Question

A body accelerates from rest and travels 'S₁' in 't' seconds . It travels uniformly with acquired velocity for next 't' seconds and covers 'S₂'.Then

Answer 1

Given,

A body accelerates from rest and travels S₁ in t seconds.

After that it travels uniformly with acquired velocity for next t second and covers S₂.

To Find :

Relation between S₁ and S₂.

During first t seconds, body is moving with constant acceleration means velocity will vary with time.
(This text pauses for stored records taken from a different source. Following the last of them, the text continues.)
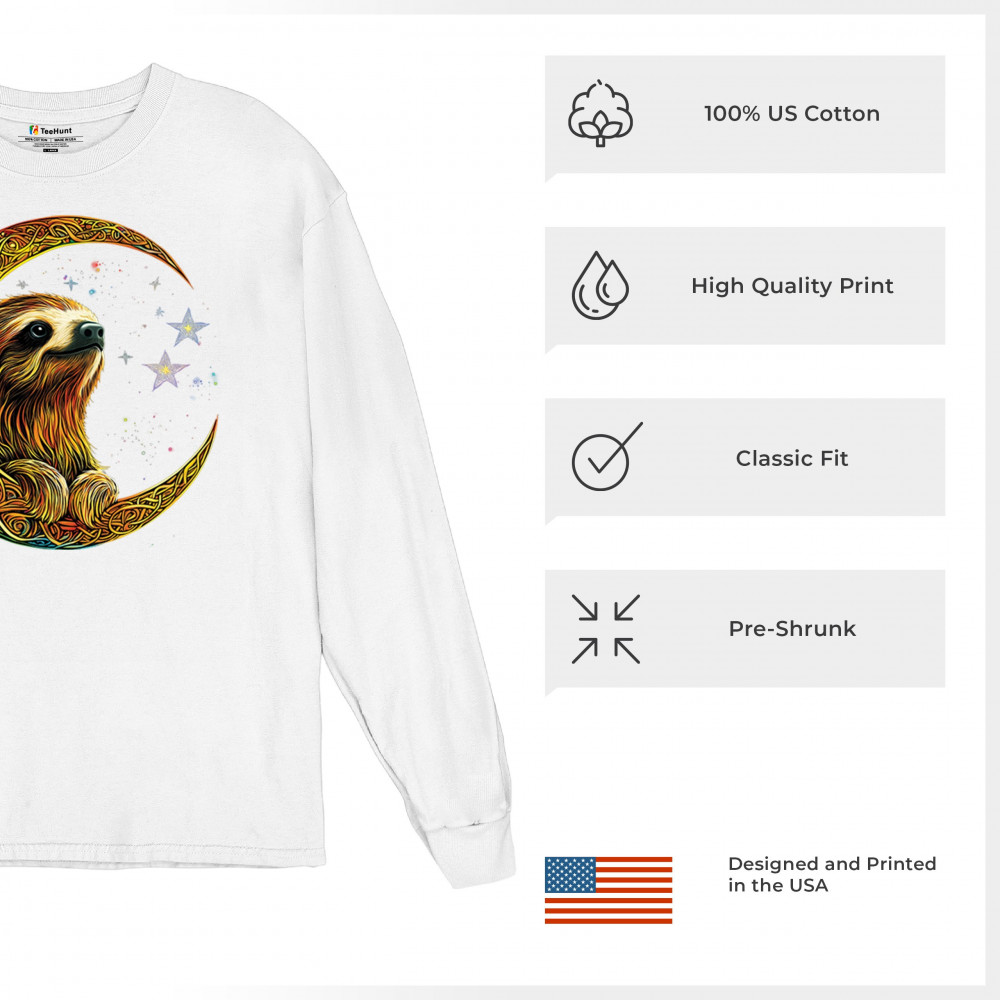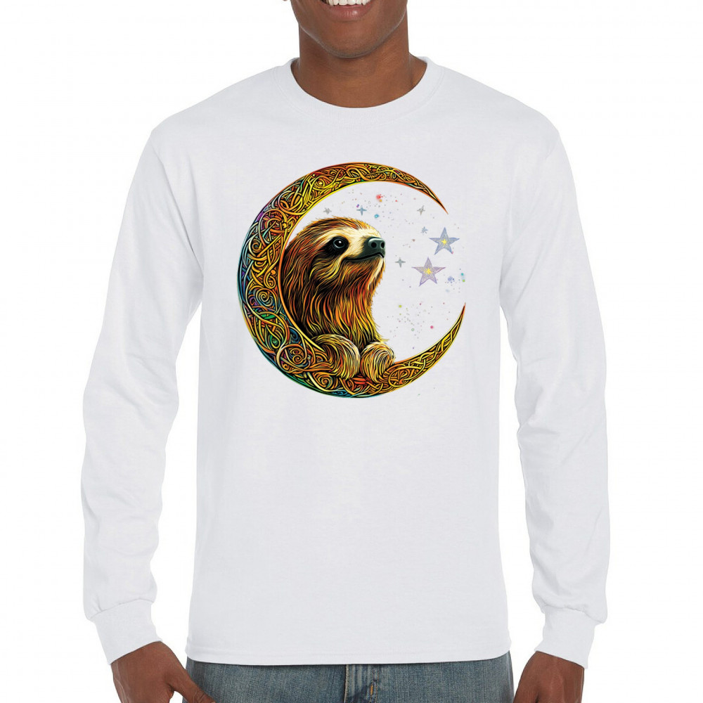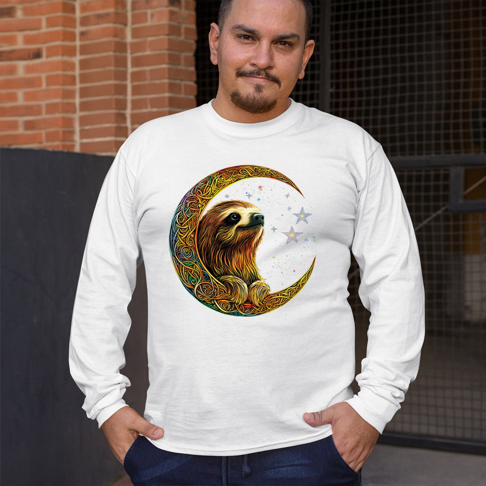 Celebrate peace and presence with this stunning sloth design cradled in a gold Celtic crescent moon. Surrounded by a vibrant starry sky, the image blends jungle whimsy with tribal patterns and mystical vibes. A perfect design for lovers of fantasy animals, mindfulness, and slow living. A beautiful tribute to spiritual stillness and cosmic calm.
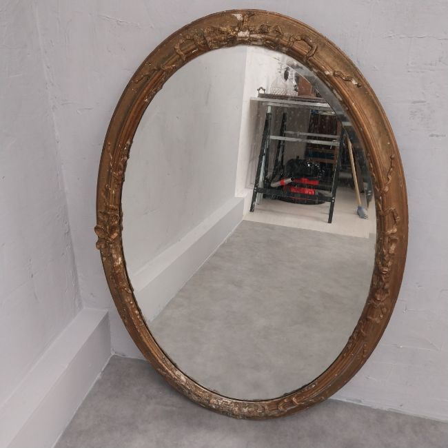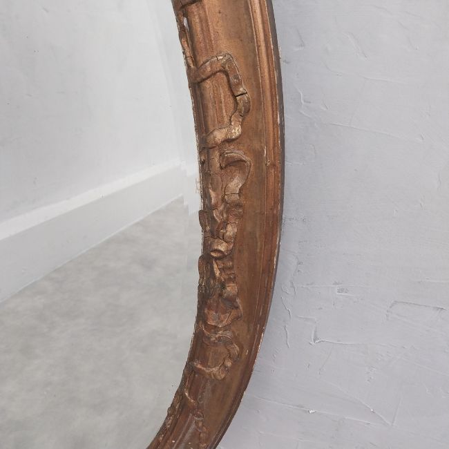 A late 19th century oval wall mirror in giltwood and foliate gesso frame. 92 x 65cm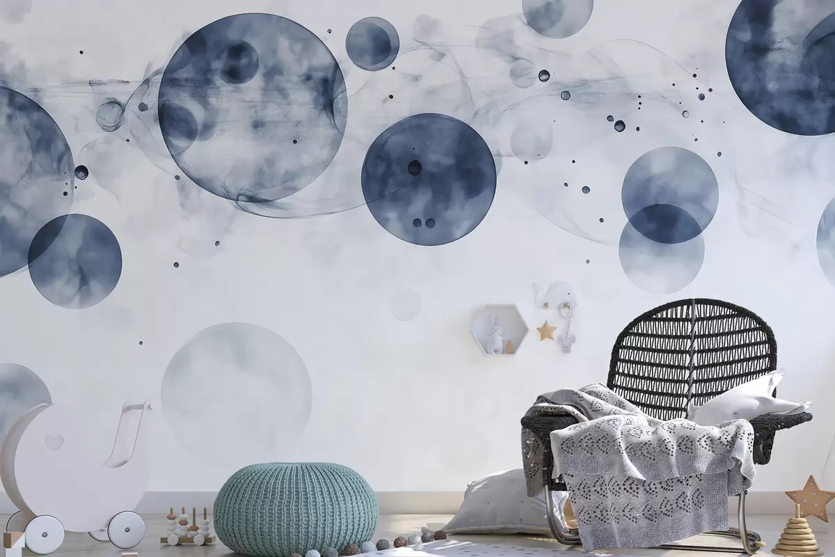 Fototapetai Akvarelės stiliaus apskritimai, abstrakcija, eterinis, skysčių menas, pilkos spalvos Nr. w03405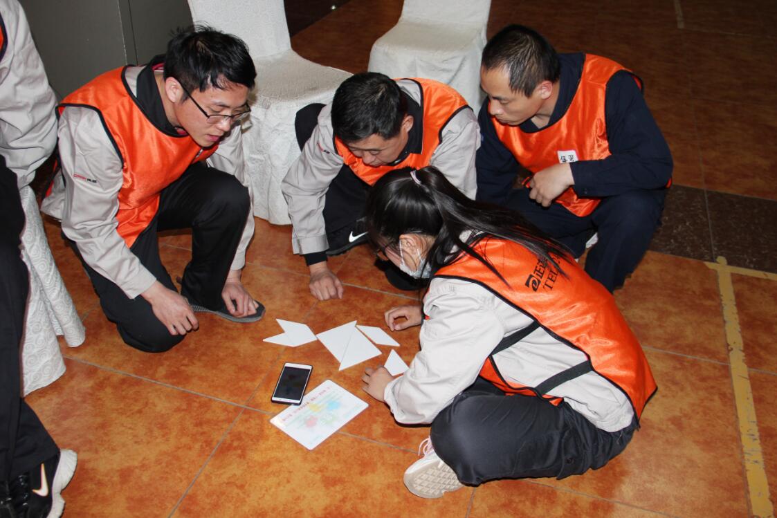 在為期三天的訓練中,6個小隊的成員們分別參與到了“漢諾塔”、“空中斷橋”、“盲人建房”、“杯子舞”、“虎口脫險”、“信任背摔”、“精益99秒”、“茫茫大!薄ⅰ捌咔砂濉、“運籌帷幄”十個經典管理學培訓項目中,一個個精心設計的拓展項目激發了大家濃厚的參與興趣與熱情。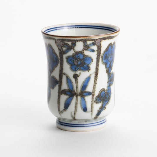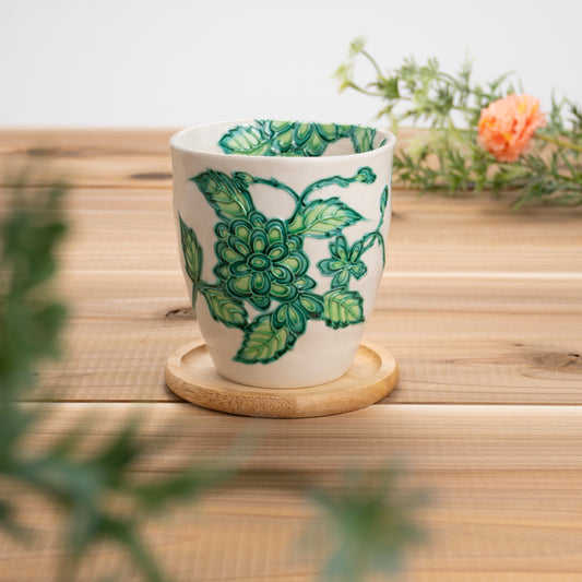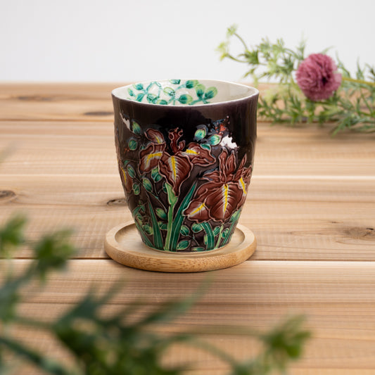 【清水焼】フリーカップ 紫交趾 四季草花 一如
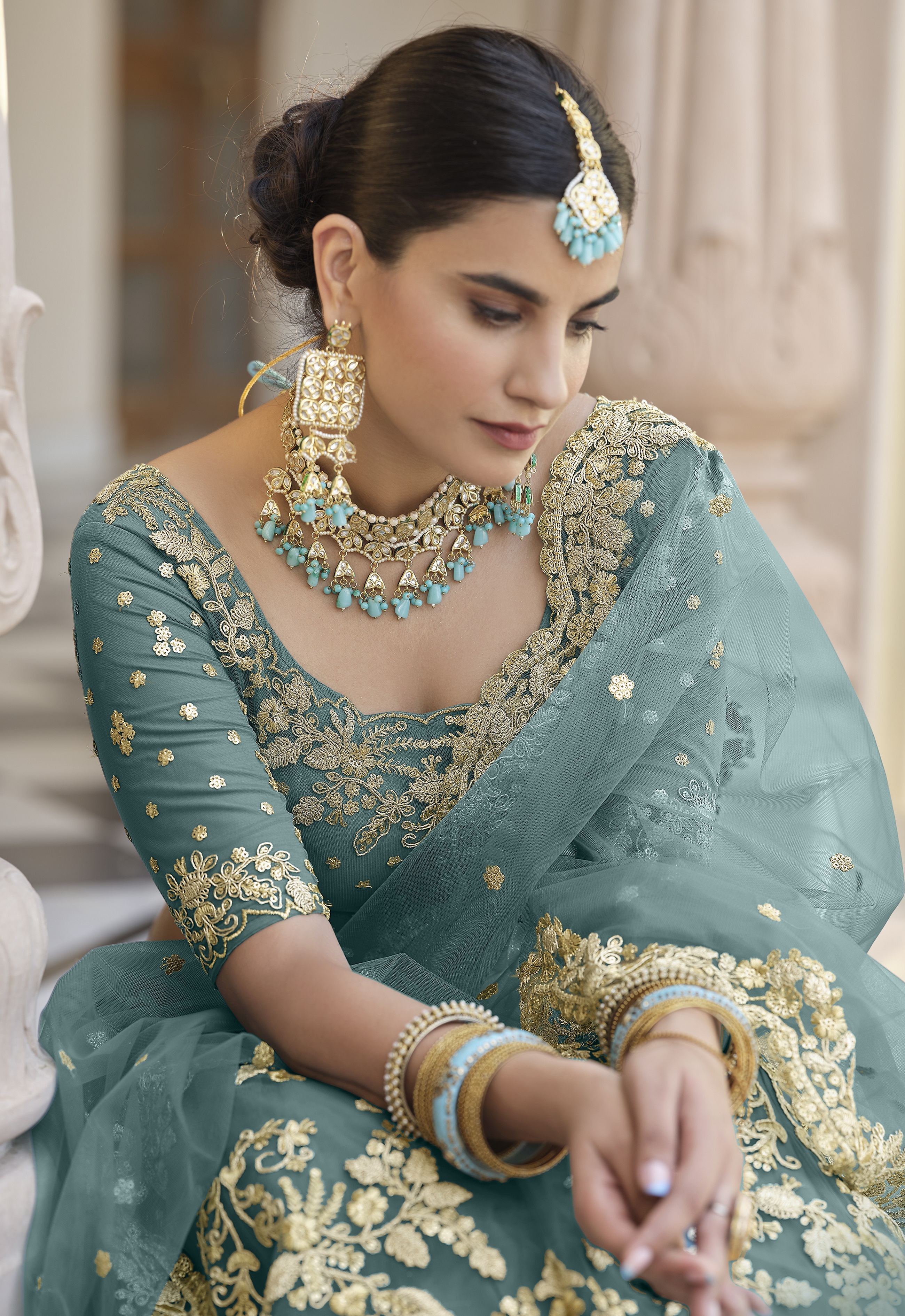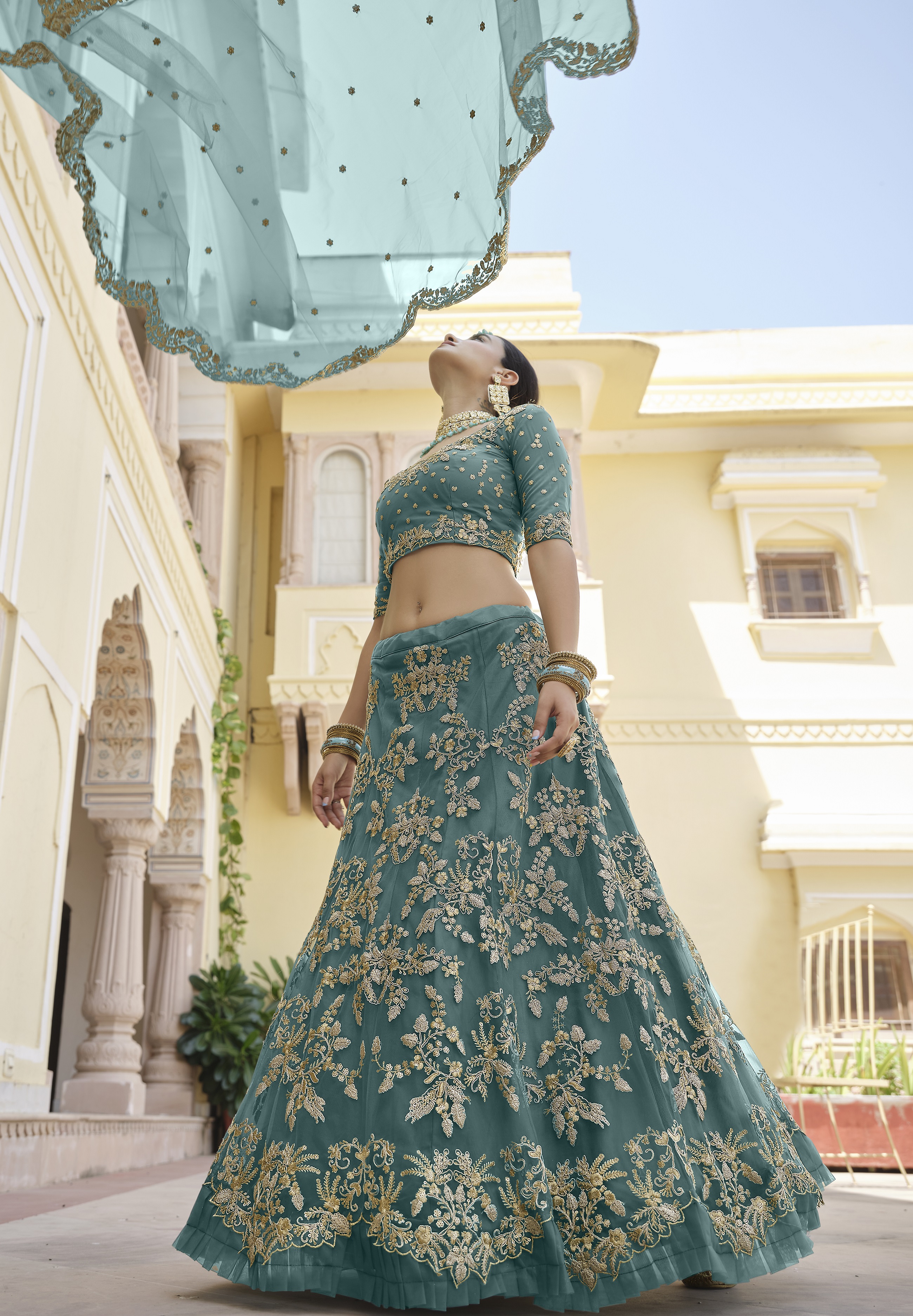 Womens Turquoise Net Zari Work Lehenga Set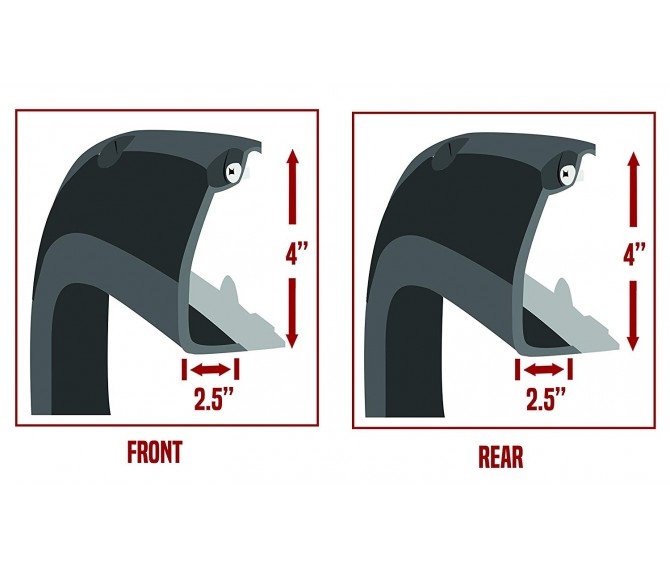- Flare Height: 4" in front and rear. Extra Tire Coverage: 2.5" in front and rear.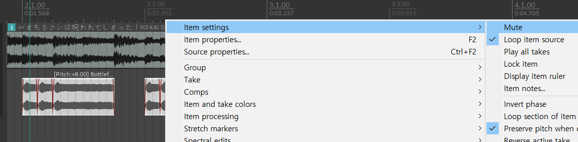 또한, 좌우반전을 원하지 않는 아이템들이 있을 때는 아이템들을 Shift + 클릭이나, Ctrl + 클릭으로 다중 선택한 후 아이템 우클릭 > Item settings > Mute를 설정해 아이템을 뮤트 시켜놓으면 좌우반전의 대상에서 제외됩니다.

Let acceleration of body be a.

Initial velocity of body is zero.

Let's apply second equation of kinematics.

➙ S₁ = ut + 1/2 at²

➙ S₁ = (0 × t) + 1/2 at²

➙ S₁ = 1/2 at² ..... (i)

Final velocity of body after time t :

➝ v = u + at

➝ v = 0 + at

➝ v = at

Final velocity of first case will be initial velocity of second case. In this case body is moving with a constant velocity

⇒ velocity = distance / time

⇒ at = S₂ / t

⇒ S₂ = at² ..... (ii)

Taking ratio of (i) & (ii), we get

⇒ S₁ / S₂ = \(\frac {1}{2}\,\frac{at^2}{at^2}\)

⇒ S₁ / S₂ = 1/2

⇒ S₂ = 2S₁